Similar ideas have been tried in cities in India, China and Canada, but what about right here in Tampa Bay?

After all, Florida has the second-highest rate of pedestrian deaths in the entire country, according to the most recent data available from the National Highway Traffic and Safety Administration or NHSTA. 

Earlier this year, the Tampa Bay region was ranked No. 7 as the most dangerous metro areas in the nation for pedestrian by a group called Smart Growth America.

“We’ve done a really good job building highways that allow people to go pretty fast," said Whit Blanton, Pinellas County Metropolitan Planning Organization.

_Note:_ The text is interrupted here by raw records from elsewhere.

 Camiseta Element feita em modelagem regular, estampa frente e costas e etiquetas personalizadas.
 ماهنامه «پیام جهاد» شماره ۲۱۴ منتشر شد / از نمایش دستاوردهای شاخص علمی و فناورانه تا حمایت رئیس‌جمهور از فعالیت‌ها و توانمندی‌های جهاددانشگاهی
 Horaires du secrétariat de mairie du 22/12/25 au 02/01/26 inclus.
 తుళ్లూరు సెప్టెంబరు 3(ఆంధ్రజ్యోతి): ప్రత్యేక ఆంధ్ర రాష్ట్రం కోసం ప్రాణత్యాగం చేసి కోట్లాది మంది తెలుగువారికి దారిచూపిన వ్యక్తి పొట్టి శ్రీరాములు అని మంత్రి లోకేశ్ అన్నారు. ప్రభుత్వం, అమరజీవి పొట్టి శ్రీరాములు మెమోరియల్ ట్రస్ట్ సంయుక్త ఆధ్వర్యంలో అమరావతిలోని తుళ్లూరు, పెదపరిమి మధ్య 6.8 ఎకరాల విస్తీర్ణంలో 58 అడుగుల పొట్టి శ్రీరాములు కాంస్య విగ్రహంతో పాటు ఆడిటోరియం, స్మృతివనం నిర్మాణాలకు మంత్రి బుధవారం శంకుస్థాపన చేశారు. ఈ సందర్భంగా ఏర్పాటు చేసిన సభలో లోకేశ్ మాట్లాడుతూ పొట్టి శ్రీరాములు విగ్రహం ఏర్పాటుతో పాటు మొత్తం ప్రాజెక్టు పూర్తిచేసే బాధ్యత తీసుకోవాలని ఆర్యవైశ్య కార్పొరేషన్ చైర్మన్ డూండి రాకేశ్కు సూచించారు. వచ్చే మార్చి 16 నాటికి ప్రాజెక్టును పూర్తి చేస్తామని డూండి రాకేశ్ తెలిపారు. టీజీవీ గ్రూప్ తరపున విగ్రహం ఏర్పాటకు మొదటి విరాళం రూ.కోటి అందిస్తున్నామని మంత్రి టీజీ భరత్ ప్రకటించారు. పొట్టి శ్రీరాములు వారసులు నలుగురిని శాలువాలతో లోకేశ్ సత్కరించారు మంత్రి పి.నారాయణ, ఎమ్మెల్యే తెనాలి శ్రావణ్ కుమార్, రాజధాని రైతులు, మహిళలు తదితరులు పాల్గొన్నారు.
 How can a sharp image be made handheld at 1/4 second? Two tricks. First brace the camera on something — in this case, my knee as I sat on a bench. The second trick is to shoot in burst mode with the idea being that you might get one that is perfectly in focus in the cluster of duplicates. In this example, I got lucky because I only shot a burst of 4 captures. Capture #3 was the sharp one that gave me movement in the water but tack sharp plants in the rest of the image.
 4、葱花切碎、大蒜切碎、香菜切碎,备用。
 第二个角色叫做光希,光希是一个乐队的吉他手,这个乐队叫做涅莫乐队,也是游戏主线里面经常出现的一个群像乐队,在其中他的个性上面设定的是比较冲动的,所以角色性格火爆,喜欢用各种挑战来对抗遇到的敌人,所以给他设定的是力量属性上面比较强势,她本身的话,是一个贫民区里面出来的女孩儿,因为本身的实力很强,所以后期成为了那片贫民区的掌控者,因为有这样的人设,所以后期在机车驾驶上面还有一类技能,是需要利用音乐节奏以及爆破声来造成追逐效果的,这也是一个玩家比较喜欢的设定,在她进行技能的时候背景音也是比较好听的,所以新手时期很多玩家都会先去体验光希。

"And when people go fast to their destinations they’re not paying attention to people who are crossing."

Solutions to the problem have included the installation of flashing crosswalks—rectangular rapid flashing beams—which have now become commonplace across the bay area.

RELATED: Tampa Bay among most dangerous places to take a walk

Blanton says out-of-the-box ideas like the 3D-painted crosswalks is what county planners consider when looking at ways to improve the area's dismal pedestrian safety record.

MORE: ‘Smart paint' crosswalks could help visually-impaired in Tampa

“It’s definitely an attention grabber and it would cause people to slow down and be more observant," he said.

“The conversation is how do we improve visibility and situational awareness and that sometimes makes you look at innovative treatments.”

But it's not just as simple as making a decision to repaint the crosswalks.

"There's a process," Blanton says, referring to the Manual on Uniform Traffic Control Devices which dictates acceptable practices and where certain signage and markers can be applied.

"If we don't follow that you run the risk of having a lot of confusion."

Changes to the manual can and have been made, Blanton said, like when shared bike lane pavement markings were added.

While something as radical as a 3D-printed crosswalk might be far off from appearing on an Tampa Bay road, Blanton says work to re-imagine our roads and sidewalks and how pedestrians and drivers interact on them continues.

"We're really looking county-wide at how we allocate the space on our roadways so that it's safer," Blanton said.